Inzwischen sind am Markt doch so einige VR-Brillen erhältlich, welche den Nutzer nicht komplett von der Umgebung abschotten, sondern eher kompaktere Systeme sind, welche sich im Prinzip auch in der Öffentlichkeit beziehungsweise außerhalb der eigenen vier Wände tragen lassen sollen. Das Konzept bietet einen großen Vorteil, nämlich die Möglichkeit zur Realisierung einer extrem hohen, gefühlten Bildschirmdiagonale mit einem kleinen Gerät.
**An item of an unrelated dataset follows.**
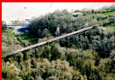
(© Armelle Ouvrat)

Ancien pont de la voie ferrée Yffiniac-Matignon, situé sur les communes de Plévenon et Fréhel, le viaduc de Port-Nieux a été construit de 1913 à 1916. Un ouvrage d'art à grand arc central, construit en moellons de grès et en béton armé. Précédé côté Fréhel d'une passerelle d'accès de 55 m, il mesure dans sa totalité 207 m de long et 29 m de hauteur. Il se compose de sept travées d'arc de 12 m de portée chacune et d'un grand arc central en béton armé de 28,50 m de portée. Construit en béton armé, le tablier est couronné de garde-corps en croix de Saint-André également en béton armé. Cet ouvrage d'art est aujourd'hui en mauvais état, envahi par la végétation.

Beim StarV View handelt es sich um ein weiteres, solches System. Dieses unterscheidet sich nicht fundamental von vergleichbaren Brillen und soll offenbar auch nach Deutschland kommen, gelistet ist das System für einen Preis von knapp 380 Euro, ist aber noch nicht verfügbar. Für die Bilddarstellung kommen kleine Bildschirme auf Basis der OLED-Technologie zum Einsatz, die Auflösung wird pro Auge 1.920 x 1.080 Pixeln spezifiziert und die Bildwiederholfrequenz auf 120 Hz. Mit der Brille soll sich quasi ein 188 Zoll großer Bildschirm realisieren - ohne eine Angabe zum Abstand ist diese Aussage aber faktisch wertlos.
Nutzer auch mit Fehlsichtigkeit (bis - 6,0 Dioptrien) sollen die Brille ohne Einschränkungen nutzen können, in hellen Umgebungen soll die maximale Helligkeit von 700 cd/m² eine gute Darstellung ermöglichen. Angeschlossen und mit elektrischer Energie versorgt wird die StarV View wie üblich über USB Typ C. Mikrofone und Lautsprecher sind eingebaut, die 74 Gramm schwere Brille benötigt somit nicht etwa noch ein Bluetooth-Headset zur Darstellung von Audioinhalten. Nicht beworben werden AR-Funktionen, dementsprechend handelt es sich eben nur um ein Display, nicht um ein AR-Headset wie etwa die Apple Vision Pro. Das Angebot an solchen Brille ist auch über Amazon nicht ganz klein, damit bleibt abzuwarten, ob und wie sich die StarV View von der Konkurrenz absetzen kann.